Panasonic Lumix CM1 review - hands on: Don't call this Android camera a smartphone
When Panasonic announced the Lumix CM1 during its Photokina press conference earlier this week, we weren't sure what to make of it. Was it a slightly chunky smartphone with an upgraded rear camera sensor, or was it a seriously thin premium compact camera that also happens to have a SIM card slot?
After speaking to the people that helped bring it to life and spending some quality time with one earlier today, we feel we're ready to answer that question - and bring you some in-depth first impressions.
Crucially, the CM1 doesn't say Panasonic anywhere on the front or back of the device; it's a Lumix product, meaning the camera takes precedent over all smartphone features. With a faux leather finish and real metal around the frame, it fits right in with the rest of the Lumix camera range and feels every bit the premium device. It wouldn't appear out of place next to a Vertu smartphone , either, suggesting it has the looks to back up the high price - roughly €900 when it launches in select markets later this year.
At 21mm thick it's a lot more substantial in the hand than your average smartphone, but this makes for a much more natural shooting position. A physical shutter button with half-way focus and dedicated "camera release" switch which immediately opens the camera app and slides satisfyingly back into place add to the "camera first" impression.
You don't get an optical zoom like you do on Samsung's Galaxy K Zoom, but the Leica-built, f/2.8 lens should be able to add depth blur and bokeh effects to your photos. The manual control ring around the lens, a first for this kind of product, lets you adjust digital zoom, shutter speed, ISO and white balance, while the camera app lets you adjust focus and metering modes and even shoot in RAW. There's a wide selection of shooting modes, including PASM and scene selection.

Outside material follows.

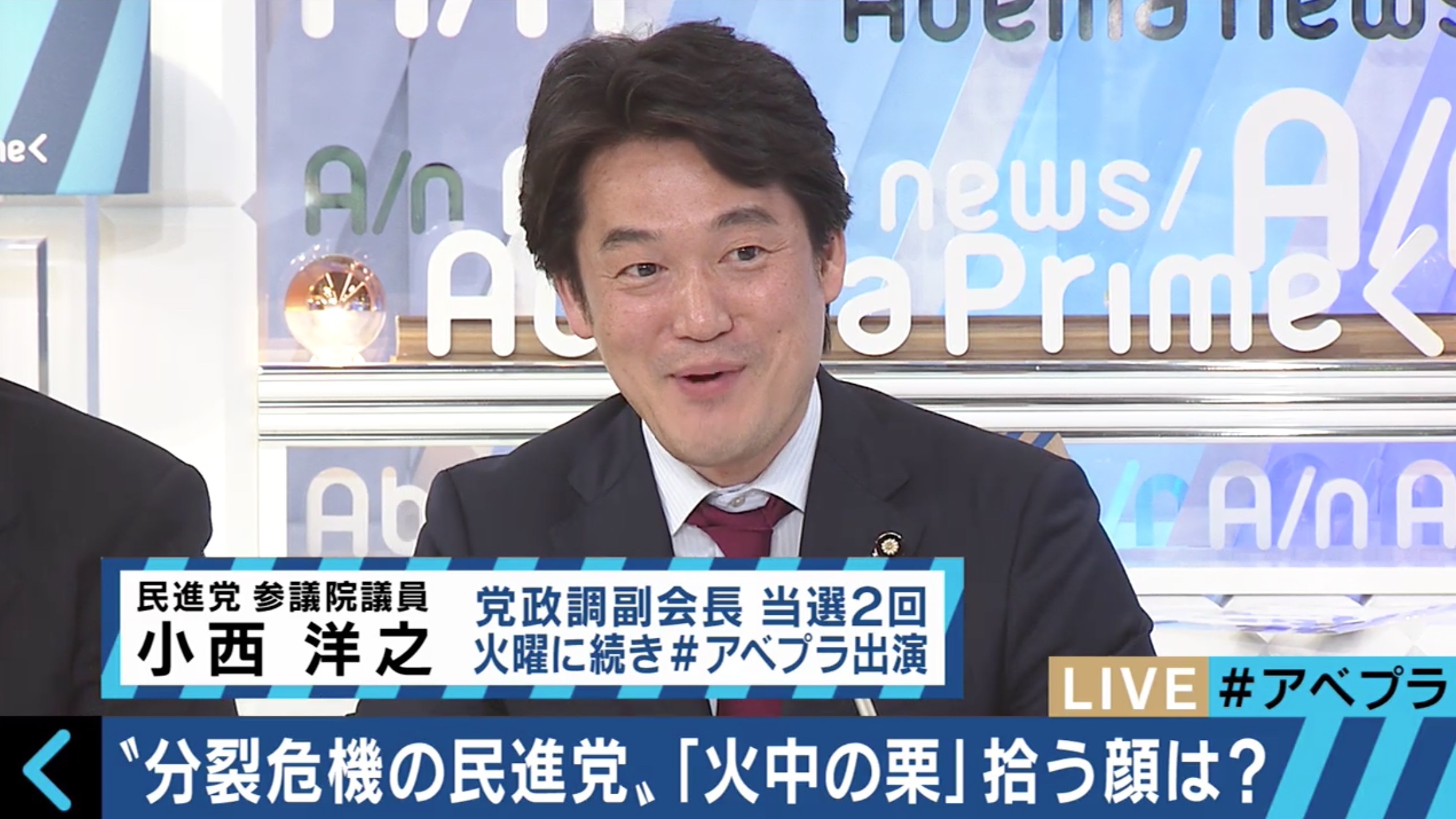 AbemaTV『AbemaPrime』に出演した、総務官僚出身、民進党の小西洋之参議院議員(45)は、「携帯電話業界で言えば、ソフトバンク、au、ドコモなどが生きるか死ぬかの戦いを繰り広げているが、そんな中で会社組織を率いて市場開拓し、良いサービスを提供し、生き残っていく。そういう実行力がある政治家が代表にならない限り、民進党に明日はない。だから今、人気ではなく本当に実力のある政治家で代表選を闘っていかなければならない」と発言。

Unfortunately we weren't able to take our sample snaps away with us after of brief hands-on, so it's impossible to give a final verdict on image quality. Crucially, it needs to outperform existing smartphones significantly in order to justify the price and added bulk, but the 20-megapixel, 1in sensor is much larger than anything currently on the market, with more than five times the surface area of a Galaxy S5 , so should easily have the edge in terms of detail.
Sample photos did look excellent on the 4.7in, Full HD LCD display. It might not be up there with the QHD screens found on the LG G3 or Samsung's Galaxy Note 4 , but the 1,920x1,080 resolution panel still looked pin-sharp, bright and colourful. Viewing angles were excellent indoors under bright lights, but it remains to be seen how it copes outdoors in direct sunlight.
Unlike other hybrid smartphone/camera devices we've tried in the past, the CM1 is incredibly snappy. It jumps into Panasonic's custom camera app, which uses the Venus picture engine found in the recently-announced LX100 premium compact, with minimal delay, then throws you straight back into Android. Panasonic hasn't bogged down Google's operating system with custom skins or apps, and with a Qualcomm Snapdragon 801 quad-core CPU running at 2.3GHz providing the power, Android 4.4 KitKat should be able to handle anything you can throw at it.
The CM1 can shoot video at up to 4K resolutions, but only at 15 frames per second. That's because the camera is using the Venus image processor rather than the Qualcomm chip that powers the Android operating system - we would have liked to see the option for 30p recording using the Qualcomm CPU.
It has just about everything else you'd expect from a modern high-end smartphone, including Wi-Fi, 4G LTE, Bluetooth and NFC connectivity, 16GB of on-board storage, microSD card support for adding up to 128GB of external space, and full access to the Google Play store. The 2600mAh battery is far larger than the kind you'd usually find in a compact camera, but it remains to be seen how it will last as a daily use smartphone.
UPDATE 24/11/14 - confirmed for UK launch, price and store locations below
Although a UK launch wasn't planned at launch, the company changed its mind following positive customer feedback, and will be bringing a small number of the phone/camera hybrids to Britain on the 1st of December. You'll have to head to one of only seven physical stores and fill out a small questionnaire in order to secure your device, and even then it's a fist come, first served deal, but we're expecting the CM1 allocation to have been snapped up by the end of launch day.
Panasonic expects the CM1 to cost roughly €899 when it launches in France and Germany (in limited numbers) towards the end of the year - that works out to roughly £700 before VAT. With taxes, it will cost £799.99 here in the UK. That might sound expensive for a smartphone, but is it really? Canon's recently announced £580 Powershot G7 X, which also has a 1in sensor, is almost three times as thick and can only shoot photos or video; the CM1 doubles as a fully-fledged Android smartphone, and a good one at that. However, many may find it hard to treat the smartphone part of the device as a secondary aspect, given how much our lives now revolve around their use.
We think a similar camera, still powered by Android but without any mobile connectivity, would perhaps find a wider audience - it would still slip in your pocket, and although you'd need to connect to Wi-Fi to share your photos the price should be significantly lower. When Panasonic is confident it has tested the waters with the CM1, it will be interesting to see where it takes the concept next.